> Your assignment:
Somewhere below are a line with "Công nhân Công ty" and a later line with "- emb花版参数: 大小:170.00". Output exactly those lines and all lines between them.

> Available records:
+===+
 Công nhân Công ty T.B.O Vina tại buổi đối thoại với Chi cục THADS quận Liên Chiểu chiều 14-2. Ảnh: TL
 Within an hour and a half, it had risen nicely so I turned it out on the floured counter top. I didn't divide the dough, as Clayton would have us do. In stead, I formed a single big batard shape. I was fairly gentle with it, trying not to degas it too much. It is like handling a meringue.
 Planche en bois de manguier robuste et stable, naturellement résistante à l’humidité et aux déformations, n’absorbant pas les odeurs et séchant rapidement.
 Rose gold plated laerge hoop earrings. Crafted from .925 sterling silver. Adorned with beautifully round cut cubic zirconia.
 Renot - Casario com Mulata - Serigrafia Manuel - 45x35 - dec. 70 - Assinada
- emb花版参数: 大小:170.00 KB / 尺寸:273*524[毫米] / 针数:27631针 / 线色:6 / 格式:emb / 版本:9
+===+
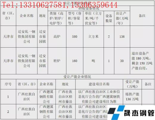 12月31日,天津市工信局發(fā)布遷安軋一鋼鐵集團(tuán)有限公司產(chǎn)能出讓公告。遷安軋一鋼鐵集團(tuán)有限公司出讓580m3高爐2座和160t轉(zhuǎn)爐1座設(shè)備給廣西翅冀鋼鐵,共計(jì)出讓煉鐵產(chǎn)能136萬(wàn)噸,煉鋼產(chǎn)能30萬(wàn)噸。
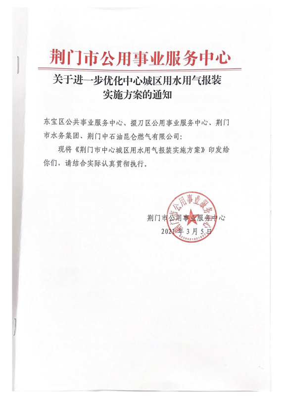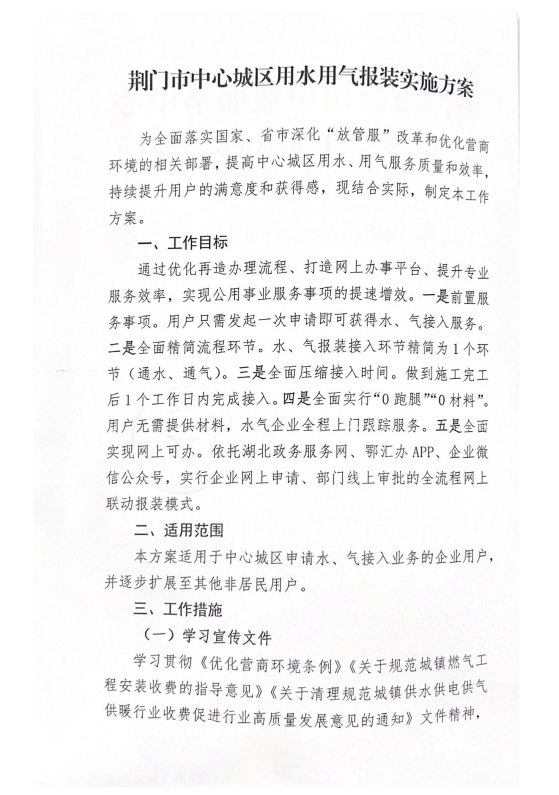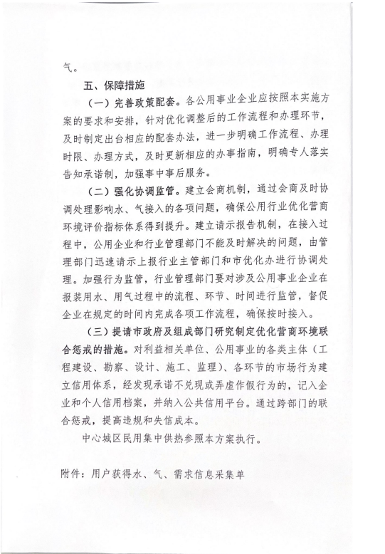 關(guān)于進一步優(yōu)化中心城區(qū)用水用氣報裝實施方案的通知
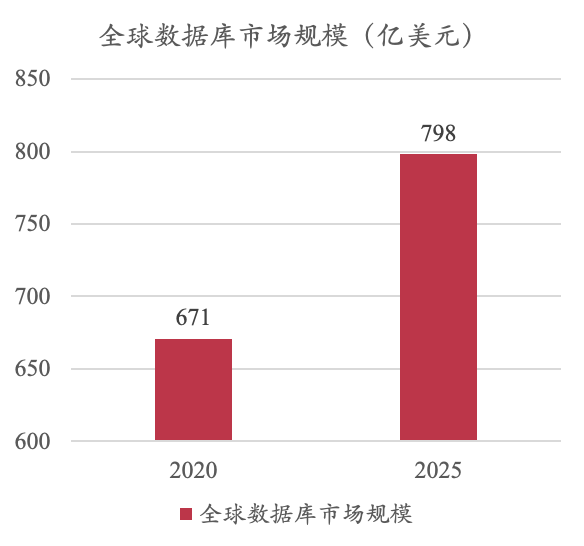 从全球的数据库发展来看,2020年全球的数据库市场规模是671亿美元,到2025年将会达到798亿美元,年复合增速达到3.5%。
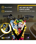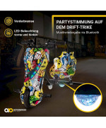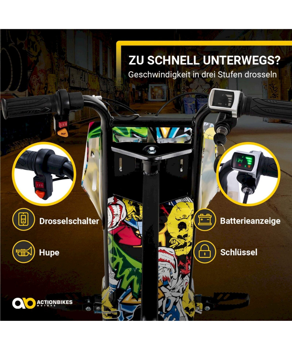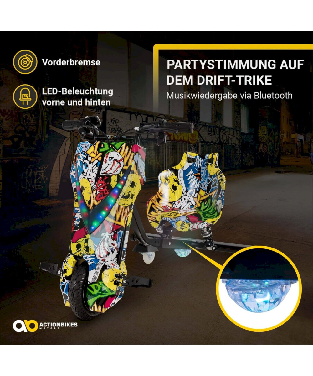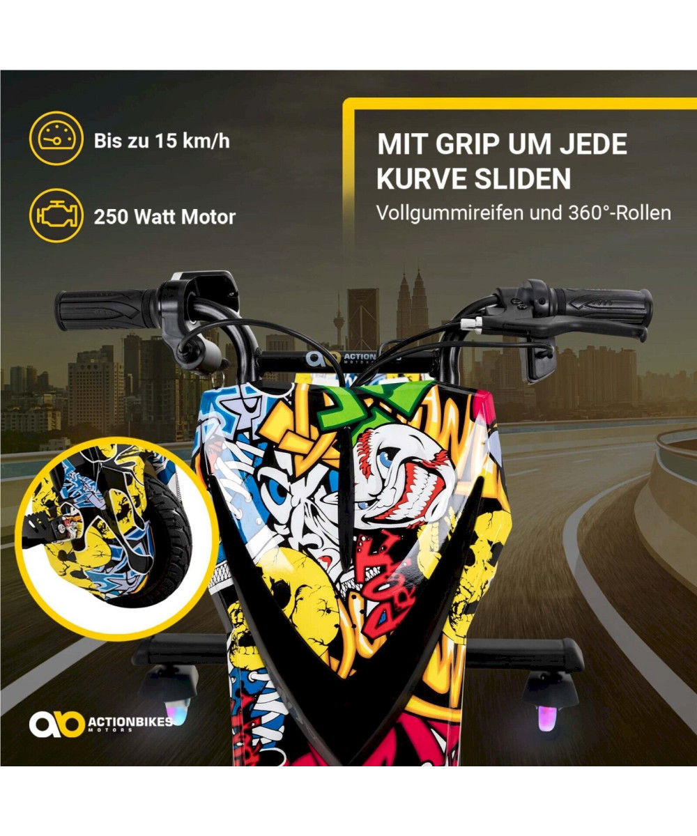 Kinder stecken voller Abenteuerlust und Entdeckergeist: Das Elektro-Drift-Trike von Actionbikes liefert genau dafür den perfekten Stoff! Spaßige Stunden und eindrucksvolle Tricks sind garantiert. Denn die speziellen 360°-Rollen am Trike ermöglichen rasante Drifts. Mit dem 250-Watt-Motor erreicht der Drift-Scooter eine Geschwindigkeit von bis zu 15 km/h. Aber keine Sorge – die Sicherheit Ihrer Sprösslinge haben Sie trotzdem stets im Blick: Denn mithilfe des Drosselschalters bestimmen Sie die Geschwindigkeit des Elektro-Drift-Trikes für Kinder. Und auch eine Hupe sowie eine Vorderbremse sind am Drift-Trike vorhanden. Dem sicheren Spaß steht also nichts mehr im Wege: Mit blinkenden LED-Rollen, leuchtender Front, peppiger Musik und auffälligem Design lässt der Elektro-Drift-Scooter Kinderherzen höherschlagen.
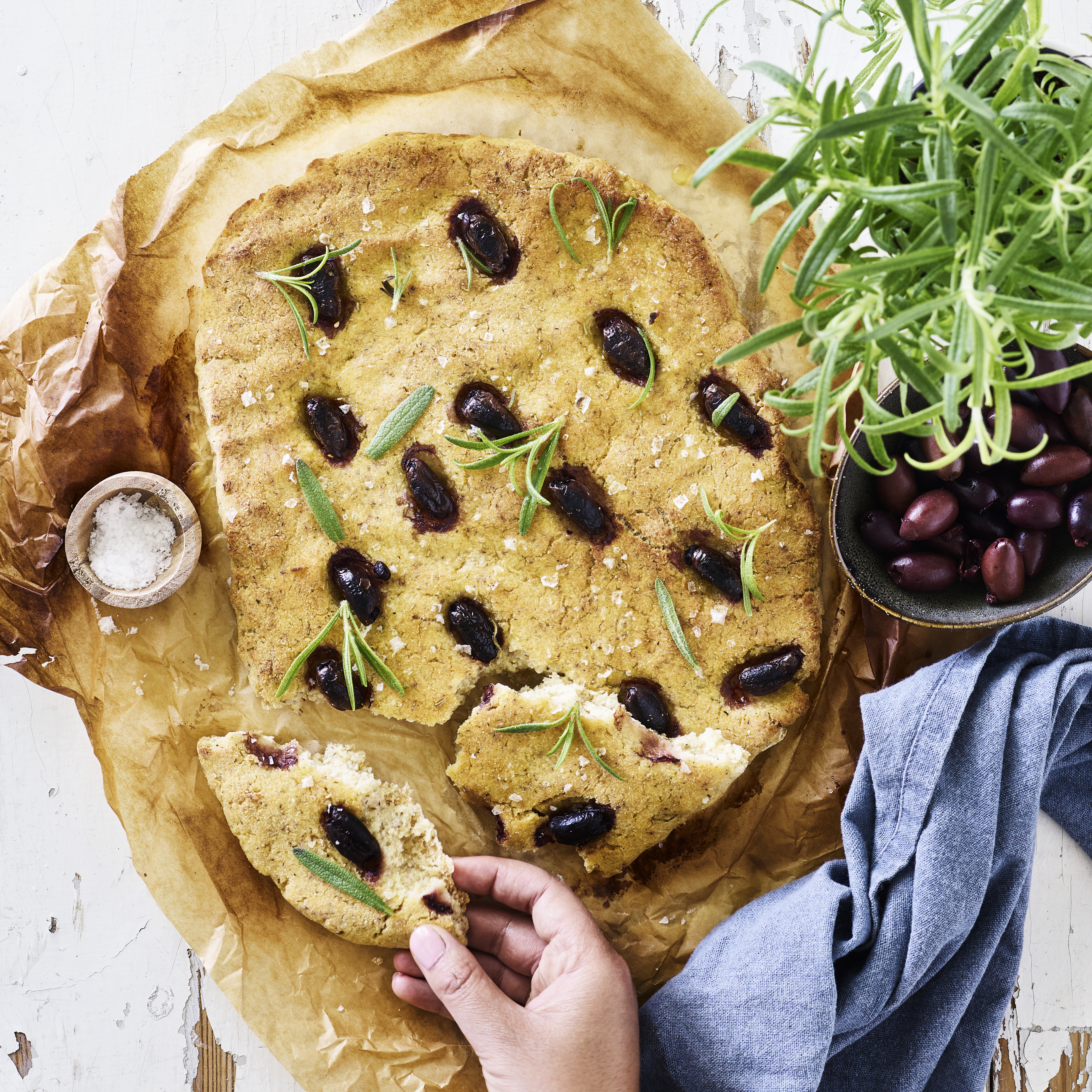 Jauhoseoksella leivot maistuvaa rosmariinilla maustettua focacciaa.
+===+
> Response to this task:
 Công nhân Công ty T.B.O Vina tại buổi đối thoại với Chi cục THADS quận Liên Chiểu chiều 14-2. Ảnh: TL
 Within an hour and a half, it had risen nicely so I turned it out on the floured counter top. I didn't divide the dough, as Clayton would have us do. In stead, I formed a single big batard shape. I was fairly gentle with it, trying not to degas it too much. It is like handling a meringue.
 Planche en bois de manguier robuste et stable, naturellement résistante à l’humidité et aux déformations, n’absorbant pas les odeurs et séchant rapidement.
 Rose gold plated laerge hoop earrings. Crafted from .925 sterling silver. Adorned with beautifully round cut cubic zirconia.
 Renot - Casario com Mulata - Serigrafia Manuel - 45x35 - dec. 70 - Assinada
- emb花版参数: 大小:170.00 KB / 尺寸:273*524[毫米] / 针数:27631针 / 线色:6 / 格式:emb / 版本:9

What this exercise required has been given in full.